Traían consigo un enorme oso pardo, viejo y escaso de dientes, al que el domador, un húngaro ya entrado en años, y padre de dos hijos y una hija, llamaba Mariano, y con el que hacían sesiones de circo en el salón de baile del Ferreiro. No recuerdo lo que las personas mayores pagaban por la entrada, pero si recuerdo que a los pequeños nos dejaban entrar gratis. El salón, a excepción de un pequeño corro, en el centro, al rededor del cual nos apiñábamos pequeños y mayores -los mayores sentados en sillas, y los pequeños sentados en suelo-, se llenaba a reventar. En aquel pequeño corro, en el centro del salón, domador y oso, hacían las delicias de pequeños y mayores. Decía el domador, con voz potente: “Baila Mariano” y el oso se ponía de pie haciendo unos movimientos que, con bastante imaginación, podían ser considerados como un baile. Luego decía el domar: “Túmbate, Mariano” y a esta orden el oso se tendía todo lo largo que era, a veces, apoyando su enorme cabeza sobre los pies de alguno de los niños que, sentados en el suelo, componíamos la primera fila. Una suerte que el oso, viejo, desdentado y con bozal, tenía la mansedumbre de una oveja, porqué, de otra forma, bien podía haber ocurrido una desgracia. La segunda parte del espectáculo lo componía una cabra, no menos vieja que el oso, subiéndose a una escalera. Al finalizar la sesión la gente aplaudía a rabiar.
La familia de los húngaros estaba compuesta por el matrimonio y tres hijos; dos mocetones, morenos, altos, fornidos, bien proporcionados y bien parecidos, por los que más de una moza de Villager bebía los vientos, y una hija; una muchacha preciosa, alta y esbelta, de pelo y ojos negros como el azabache, que traía en jaque a no pocos mozos del pueblo. Uno de los hermanos tocaba la trompeta y el otro el saxofón, y, la chica, con deliciosos movimientos, tocaba la batería; lo cierto, al decir de la gente del pueblo, es que lo hacían muy bien.
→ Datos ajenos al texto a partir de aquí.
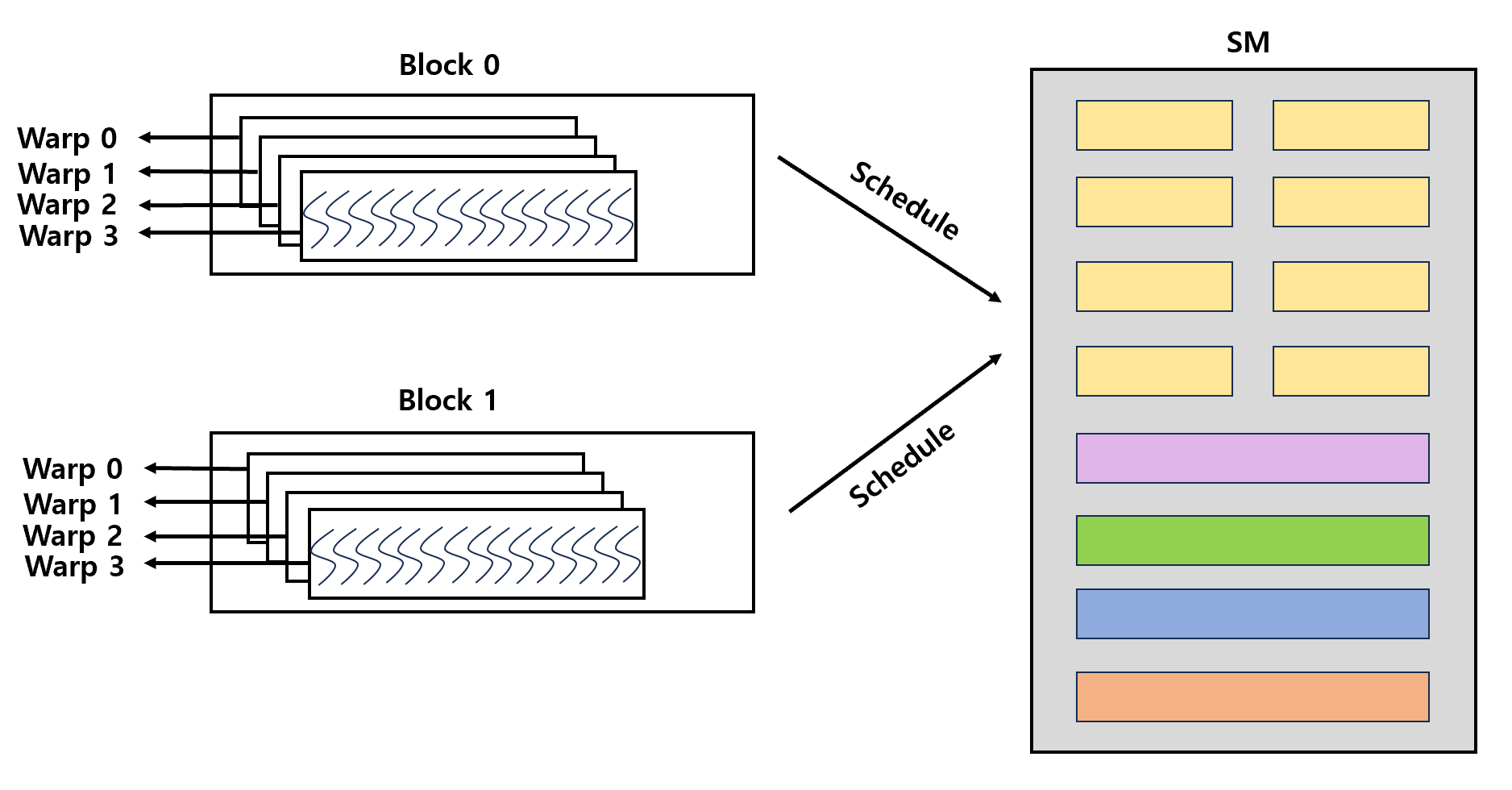 Block과 warp가 SM 및 core에서 schedule되는 방식은 GPU 세대에 따라 구조적으로 다를 수 있다.

Todos los años eran contratados por la comisión de festejos para amenizar el baile, que se hacía en uno de los prados del pueblo, en el que aún flotaba en el aire el inconfundible y delicioso olor a hierba recién segada. La comisión de festejos, con la orquesta de los húngaros, tenía la gran ventaja de que no necesitaban instalar altavoces: tenía tal potencia el sonido su música que, sin necesidad de altavoces, se escuchaba en todo el pueblo; incluso, en los pueblos limítrofes. Además, eran incansables. Recuerdo cómo muchos de los mozos, en vez de bailar, se arremolinaban en torno al templete, no tanto para escuchar la música, como para ver de cerca aquella belleza húngara.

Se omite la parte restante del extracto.